PROBLEM DESCRIPTION: Output the data below exactly as it is, dropping the pictures from your copy.

INFORMATION SUPPLIED:
********************

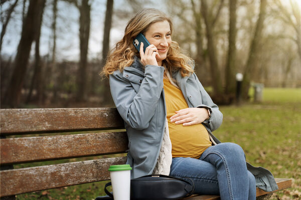 Schwangere Frau sitzt auf einer Parkbank und telefoniert.
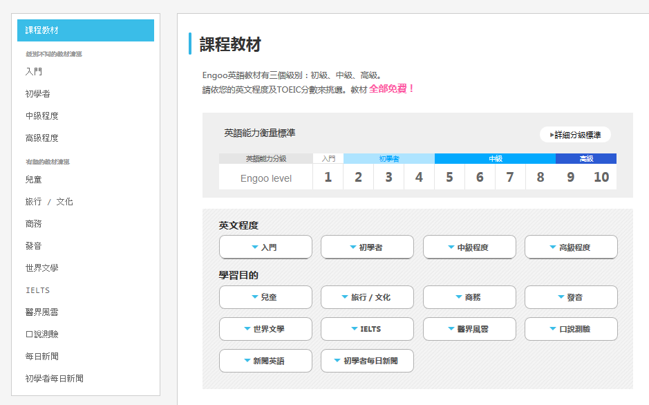 (engoo有眾多且豐富的教材,而且還很細心的分等級)
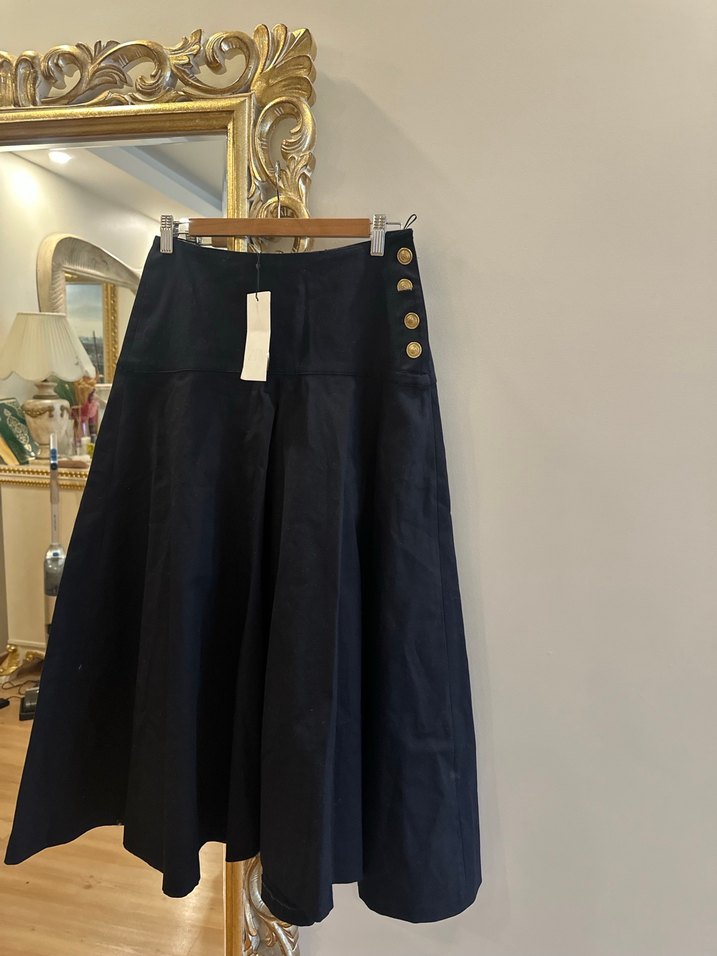 Lacivert uzun denim etek, yan tarafında düğme detayları ve bol kesimiyle normcore stiline uygun. Ofis için şık bir seçenek.

********************

WRITTEN SOLUTION:
 Schwangere Frau sitzt auf einer Parkbank und telefoniert.
 (engoo有眾多且豐富的教材,而且還很細心的分等級)
 Lacivert uzun denim etek, yan tarafında düğme detayları ve bol kesimiyle normcore stiline uygun. Ofis için şık bir seçenek.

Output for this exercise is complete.